While it’s possible to develop wireless networks to meet the parameters required for AVs or other applications, it’s impossible to fully predict how those networks will behave in the real world. Hills and buildings block or reflect signals, the concentration of people or cars affects traffic on the network, and people use cellular for different things at different times.

“The only way to solve that problem is to test them outdoors, at scale, in the wild,” Kochan said.

That’s where the two testbeds come into play. Each will be larger and more diverse than test environments that researchers have been able to work with up to now, Kochan said.

For example, the Salt Lake City platform, called Powder-Renew, will stretch across the University of Utah campus, the heart of downtown, and a residential neighborhood in between. It will encompass skyscrapers and homes, hilly and flat terrain, and areas with different traffic patterns throughout the day. Most test environments for open-ended cellular testing until now have been limited to college campuses, he said.

The New York platform, Cosmos, will cover one square mile of West Harlem, including the Columbia University campus, City College, the Apollo Theater and the Hudson River.

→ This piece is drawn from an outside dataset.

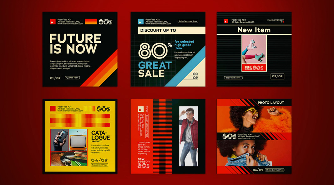 These 1980s-inspired retro Instagram post templates are available for licensing here.

Both testbeds are designed to let researchers from universities and companies try out new ideas for 4G, 5G and even more advanced networks.

Developers of connected and self-driving vehicles expect 5G to improve performance and safety in several ways. Vehicle-to-everything (V2X) systems would feed data into a car from the vehicles in front of it, nearby traffic signs and cloud-based reporting systems. That could mean a driverless car is almost immediately alerted to ice, slow traffic or a stalled car on the road ahead.

5G could also provide sufficient bandwidth for cars equipped with cameras and other sensors to constantly update cloud-based maps that are then fed back into other cars.

Researchers and others in both cities were already working on their testbeds and will now get access to more resources to roll them out. Powder-Renew, the Salt Lake City project, plans to start construction in the university area in September and in the residential and downtown areas in the next two years.